Many teams assume that splitting large result sets into smaller chunks automatically satisfies identity‑based access control. In reality, chunking only reduces the amount of data transferred per request; it does not guarantee that the requester is authorized for each piece of the dataset.
IAM policies define which identities can read, write, or modify a resource, but they are typically evaluated once per connection or per API call. When an application pulls data page by page, the IAM check may happen only on the initial request, leaving subsequent pages unchecked. This gap can let a compromised credential harvest an entire table by iterating through all chunks, even though the policy only intended a limited view.
Why IAM alone is insufficient for chunked access
IAM provides two essential capabilities: identity verification and static permission mapping. The verification step occurs before the data path is opened, establishing who the caller is. The permission mapping step decides whether the caller may start a session, but it does not inspect the payload that flows after the session begins. When a client asks for the first 100 rows of a table, the IAM engine says “allowed,” and the gateway opens the connection. Subsequent requests for rows 101‑200, 201‑300, and so on travel through the same open channel without additional IAM evaluation.
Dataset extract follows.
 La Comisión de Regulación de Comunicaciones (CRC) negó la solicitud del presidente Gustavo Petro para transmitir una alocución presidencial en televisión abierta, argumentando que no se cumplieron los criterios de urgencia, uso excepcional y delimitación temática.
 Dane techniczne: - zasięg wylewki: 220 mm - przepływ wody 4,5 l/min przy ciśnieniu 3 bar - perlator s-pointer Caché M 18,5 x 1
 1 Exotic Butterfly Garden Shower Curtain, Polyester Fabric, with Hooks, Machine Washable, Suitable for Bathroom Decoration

This model leaves three risks unaddressed:
- Over‑exposure: A user with permission to view a subset may still retrieve the full dataset by paging through chunks.
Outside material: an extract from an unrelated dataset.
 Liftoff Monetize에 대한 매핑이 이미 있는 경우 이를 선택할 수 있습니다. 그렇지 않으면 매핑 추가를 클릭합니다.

- Missing audit trails: IAM logs record the initial connection but not each chunk request, making it hard to prove exactly what data was accessed.
- In‑flight data leakage: Sensitive fields (PII, secrets) travel unmodified unless a downstream component masks them.
To close these gaps, enforcement must happen where the data actually flows – the data path itself.
Placing enforcement in the data path
When a gateway sits between the identity provider and the target system, it can evaluate policy on every request, not just the first handshake. The gateway can:
- Re‑check IAM attributes for each chunk request, ensuring the caller’s scope still applies.
- Record each chunk interaction, creating a fine‑grained audit trail that shows exactly which rows were returned.
- Apply inline masking to sensitive columns on a per‑response basis, preventing exposure of PII even when the caller is authorized for the overall table.
- Require just‑in‑time approval for high‑risk chunks, such as those that cross a row‑count threshold or contain financial data.
These capabilities exist only because the gateway intercepts the protocol stream. Without that interception, the connection would remain a black box after IAM has granted access.